Whether or not he accepts, it's a fitting challenge for Pope Francis, who called on the world's 1.2 billion Roman Catholics to join the fight against climate change in his groundbreaking 2015 environmental encyclical, Laudato Si': On the Care for Our Common Home.
"In your encyclical letter, Laudato Si', you stated that every effort to protect and improve our world will involve changes in lifestyle, production, and consumption," Butler wrote. "I agree with all my heart and seek your support in tackling one of the largest underlying causes of the problems we face: animal agriculture."
You also might recall that in May 2017, His Holiness gave President Trump a copy of his encyclical right as POTUS was considering whether the U.S. should exit from the Paris agreement.
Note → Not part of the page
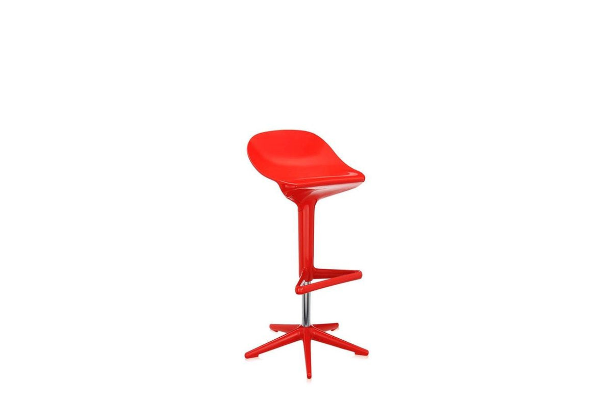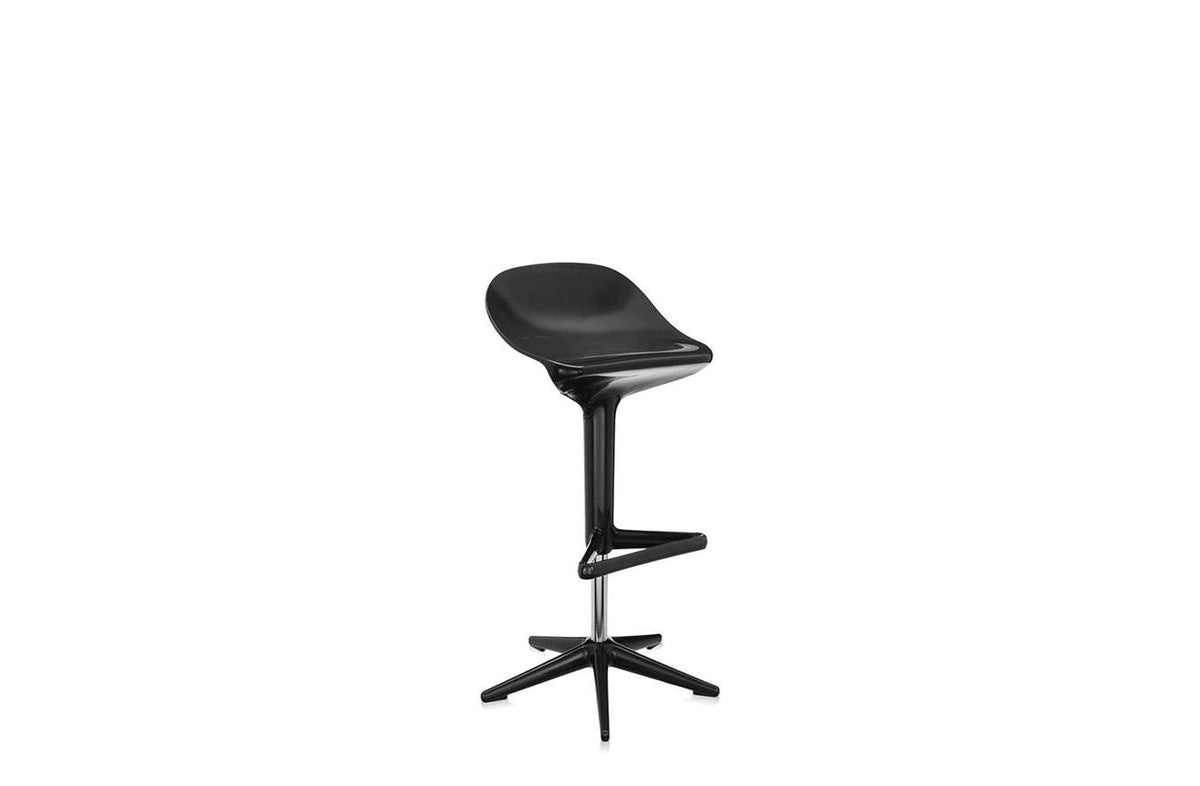 An original stool with a shape as elastic in appearance as it is in function. The innovation of Spoon consists mainly in attaching the seat to a central support with a specially reinforced curve to guarantee flexibility and comfort. Furthermore, thanks to a sophisticated design solution, the gas lift pump adjusts the height to between 56 and 76 cm and is perfectly inserted into the stem. In the same ingenious fashion, the handle which regulates the mechanism is perfectly concealed inside the seat.
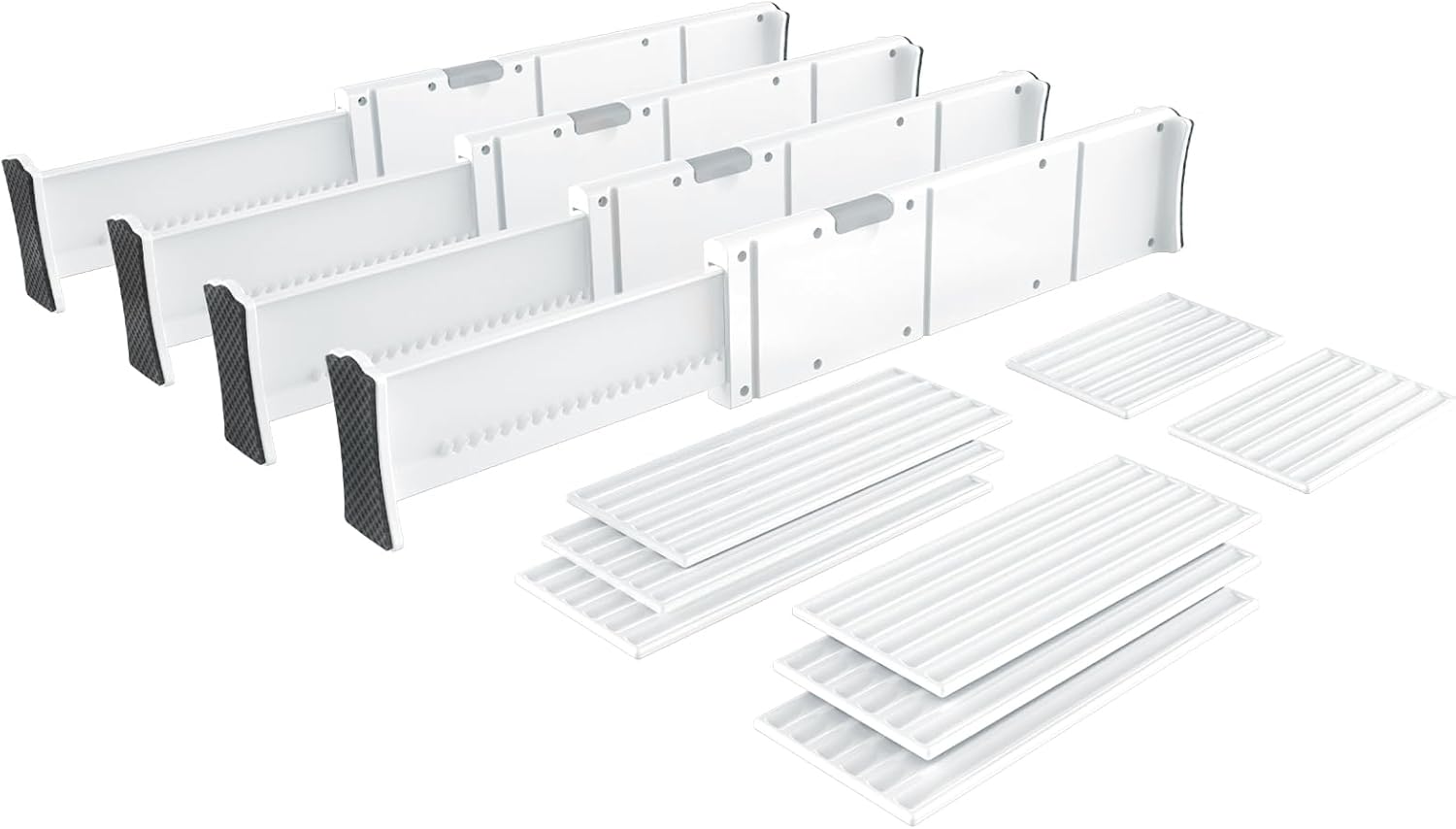 - 【Versatile Drawer Dividers】Install these dividers in kitchen drawers for utensils, knives, and forks. Use in vanity drawers for cosmetics, wardrobe drawers for socks,underwear and bras,and tool drawers for tape measures screwdrivers, Hardware Accessories,and tools. They're even great for bookshelves.

Francis has also urged the leaders of big oil companies to lead a clean energy transition.
"We are launching this deliberately bold, audacious campaign to jolt our world leaders from their complacency," Matthew Glover, Million Dollar Vegan CEO of and co-founder of the record-breaking Veganuary campaign, said in the press release.
"We are thankful that Pope Francis has spoken out on these issues and that is why we are humbly asking him to try vegan for Lent and set an example of how each of us can align our principles of caring and compassion with our actions," he added.
So far, no word from the Vatican as to whether the challenge has been accepted. As for the Pope's current diet, this Mashed article indicates that he already eats quite simply. His meals are prepared with home-grown, seasonal produce, but he also has non-vegan favorites such as classic Neapolitan pizza, alfajores (South American cookies traditionally made with milk, butter, eggs and filled with dulce de leche), and prefers meat over fish.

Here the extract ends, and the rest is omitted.